Mike Doughty and Smith hung out in LA when Doughty was recording what would be the last Soul Coughing album,
El Oso
, and Smith was recording parts of “Miss Misery” for the
Good Will Hunting
soundtrack. Best known for Soul Coughing’s early effort
Ruby Vroom
and single “Super Bon Bon,” Doughty is an unusually analytical conversationalist for a musician. “We were staying at the Magic Castle Hotel,” he says, “which is like a completely weird place to be staying.” The Magic Castle is a private establishment where magicians perform for each other, and the Magic Castle Hotel capitalizes on its proximity to the club. “It’s basically a cheap hotel, and we were making a record with Chad Blake at the Sound Factory . . . the last record,
El Oso
. [Smith] came over, and we got stoned, and I don’t really remember what we talked about.

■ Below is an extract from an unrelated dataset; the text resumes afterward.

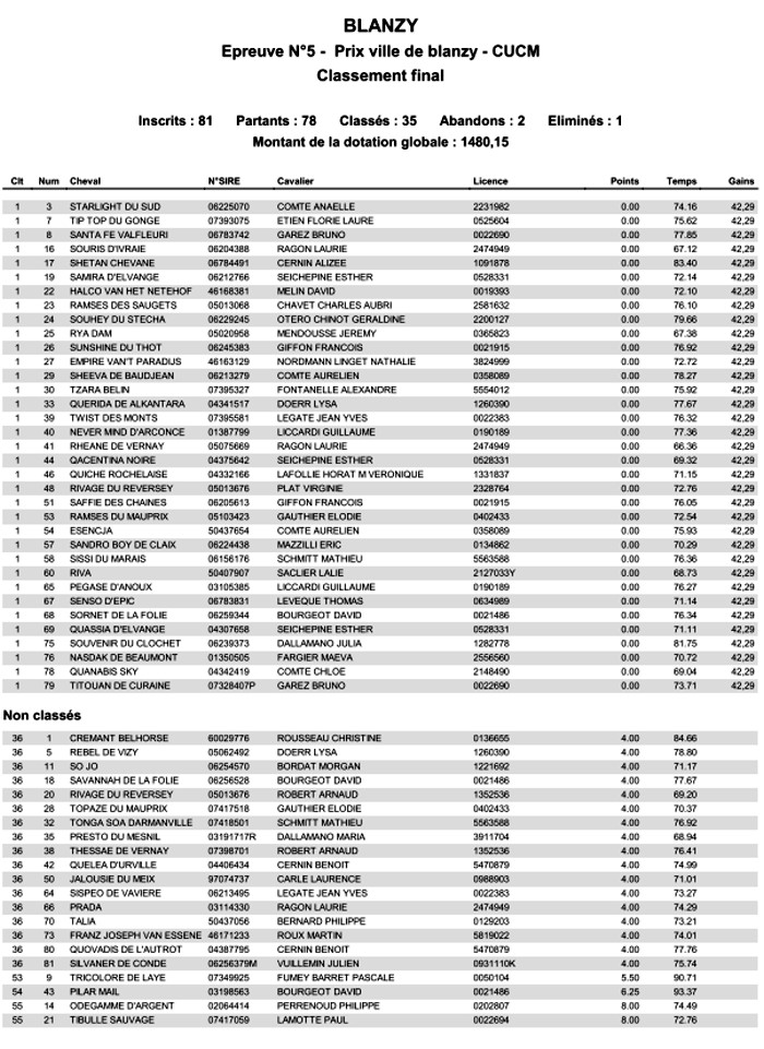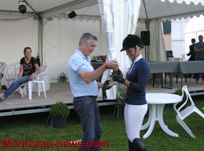 – Epreuve n°5 : PRIX de la Ville de Blanzy (Préparatoire – 1m20, sans chrono, sans barrage), remporté par Annaelle Comte sur Starlight, les prix ont été remis par Guy Emorine pour la ville de Blanzy.
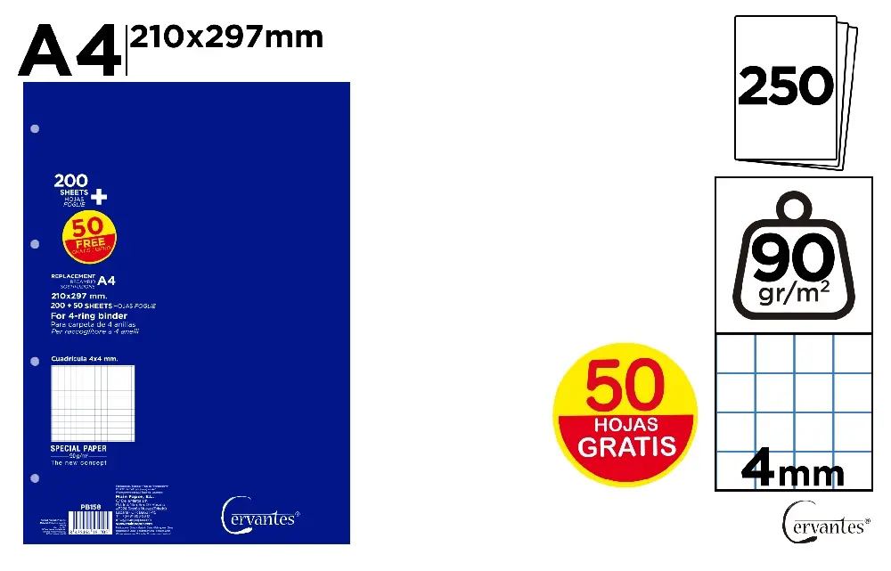 RECHARGE A4 90 g/m² 250 FEUILLES 4 TROUS

And then the next day he came into the studio. . . . I remember he’s like, ‘Yeah, I’m doing songs for this Gus Van Sant movie.’ And I’m, ‘Oh, Gus Van Sant, that’s great.’ It’s kind of funny to think we identified it as a Gus Van Sant movie. I was like, ‘Really, what’s that like?’ ‘I don’t know, it’s kind of weird, there’s this guy doing arrangements.’” That guy was Danny Elfman, the famous Hollywood soundtrack composer who was doing the incidental music for the
Good Will Hunting
. The arrangements would have been for the orchestral version of “Between the Bars” that appeared on the soundtrack CD. “I think he was staying at the Mondrian. He seemed relatively blasé about it.”

It was during that stoned conversation and the brief recording session that followed that Doughty learned what he decided was a keystone of Smith’s ability as a songwriter. “He talked about writing. He would sit at the Sky Bar at the Mondrian writing songs. He wrote songs divorced from the melody.”

What was so revealing about Smith’s songwriting, to Doughty, was that Smith could write lyrics for one tune, decide they didn’t work, adjust them, and graft them onto a completely different song. At Sky Bar, which commands palpitation-inducing nighttime views of LA’s incandescent grid, or at O’Connor’s—he appears to have been happy to work at whichever bar was nearby—he worked like a poet, able to keep rhythms and melodies in his head. The evidence was the combination of words and music that Doughty heard him sing the one time they got into the studio together during that trip.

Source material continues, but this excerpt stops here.